→ YOUR GOAL
All of the data should be output character for character, except the pictures.

→ DATASET CONTENT
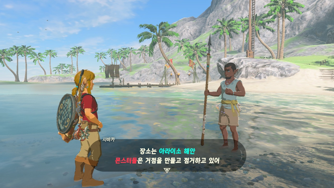 "장소는 '아라이소 해안'. 몬스터들은 거점을 만들고 점거하고 있어."
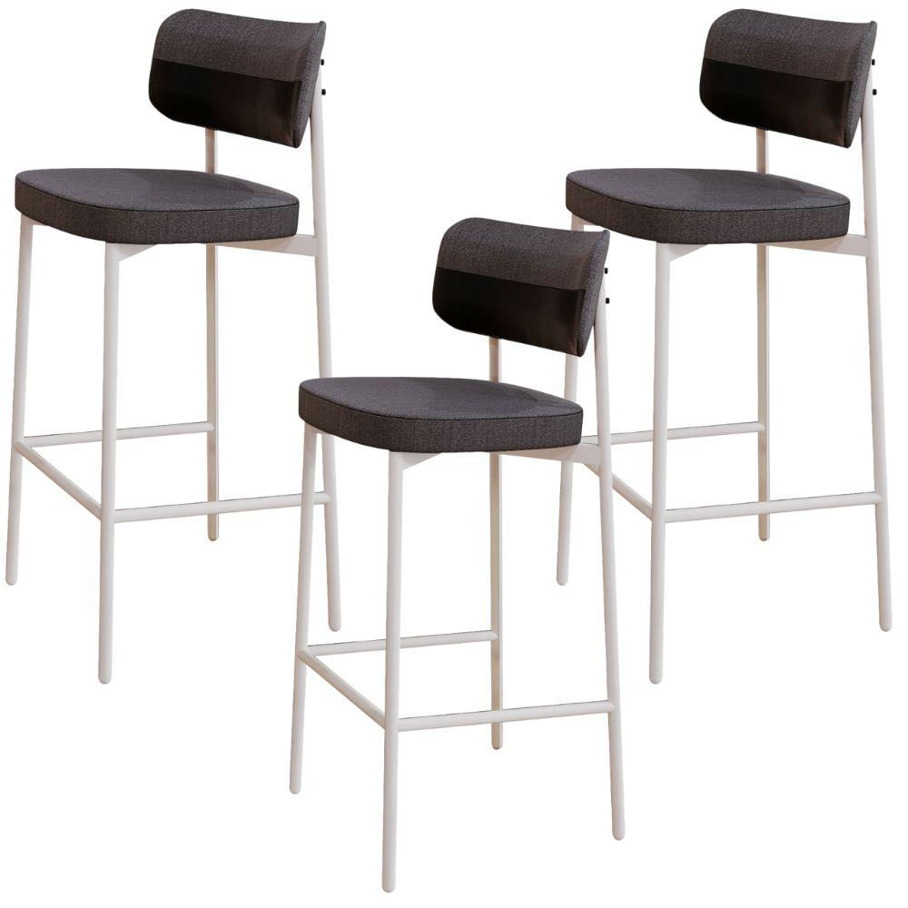 Kit 03 Banquetas Alta Bar Cozinha Sala De Jantar Aço Branco Kaira C01 Linho Preto Courino Preto - Lyam Decor
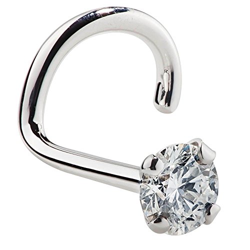 FreshTrends 2mm 0.03 ct. tw Diamond 14K White Gold Nose Ring Twist Screw - 20G

→ WRITTEN ANSWER
 "장소는 '아라이소 해안'. 몬스터들은 거점을 만들고 점거하고 있어."
 Kit 03 Banquetas Alta Bar Cozinha Sala De Jantar Aço Branco Kaira C01 Linho Preto Courino Preto - Lyam Decor
 FreshTrends 2mm 0.03 ct. tw Diamond 14K White Gold Nose Ring Twist Screw - 20G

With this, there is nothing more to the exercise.